6. Discuss the type and significance of the very first question asked by Jesus in John’s Gospel (John 1.38a).

That question is a good one, but I want to be careful for readers here who may not have read my book yet to not overload the question with theology. (Well, maybe you can but I will leave that to theologians). Meaning: When Jesus asks, “What do you seek?” it’s easy for us to read it very existentially/philosophically/theologically/Zen-ly the further it moves from the original context. At the same time, there is no denying that the verse probably has some overtones in that direction. When you take the ‘open’ quality of the question, its philosophical overtones, and make it the first words the protagonist speaks in the story, you can’t help but wonder what John has up his sleeve for the rest of the gospel.

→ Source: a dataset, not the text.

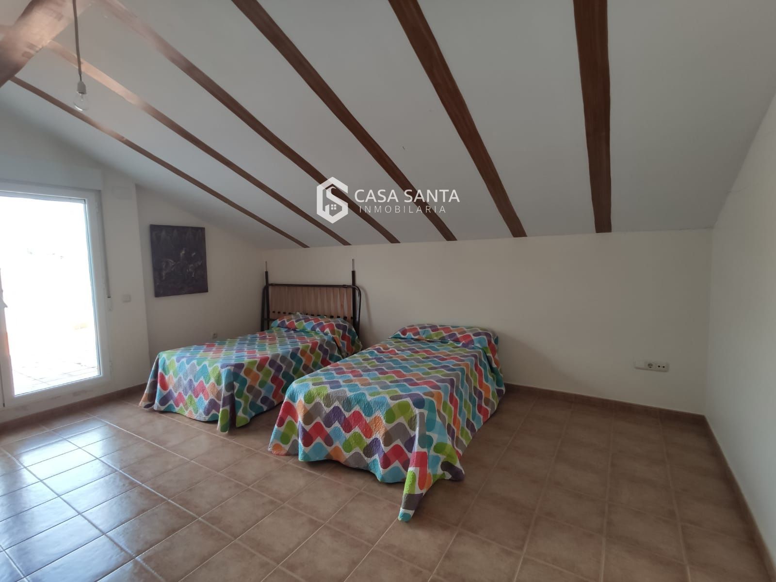 La vivienda, construida en 2004 y en muy buen estado de conservación, cuenta con 170 m² construidos, distribuidos de manera funcional y cómoda. Dispone de cuatro dormitorios amplios, dos baños completos, una cocina totalmente equipada y un salón-comedor espacioso con chimenea, que aporta calidez y un ambiente acogedor durante los meses de invierno. Como valor añadido, la propiedad cuenta con terraza, balcón y una buhardilla polivalente, un espacio versátil que puede destinarse a dormitorio adicional, despacho, sala de juegos o zona de ocio.

7. Explain how John’s Gospel is both dialectical and rhetorical and the role questions play in moving the reader away from his/her presuppositions to the point of view of the narrator.

Since the terms ‘rhetorical’ and ‘dialectical’ mean different things to different people, I mean them in their general ancient world sense: John’s Gospel is dialectical since it wants to engage the reader in dialogue more than information-telling and it is rhetorical since it wants to persuade the reader to its viewpoint. Questions play a critical role in moving the reader, since most people do not respond well to being told what to believe. But when people are asked to clarify what they believe, and indirectly asked whether something they believe about something could be inaccurate/insufficient, then they are more likely to be persuaded. Simply by asking questions the narrator will cause reflection in the reader, and if the questions asked are important enough, the point of view of the reader can and will change.

8. How might your study serve as a lynchpin for future studies of interrogatives in the biblical texts?

The study of interrogatives in biblical texts is underdone, so I think the best it can do is to give people a starting place to take questions more seriously (and exegete them more rigorously) when those working through those texts. Since I borrowed most of my strategies from linguists and logicians, others can do the same. My next book, Questions and Rhetoric in the Greek New Testament (forthcoming from Zondervan), will hopefully assist in this. If nothing else, may it encourage better question-asking as we read biblical texts.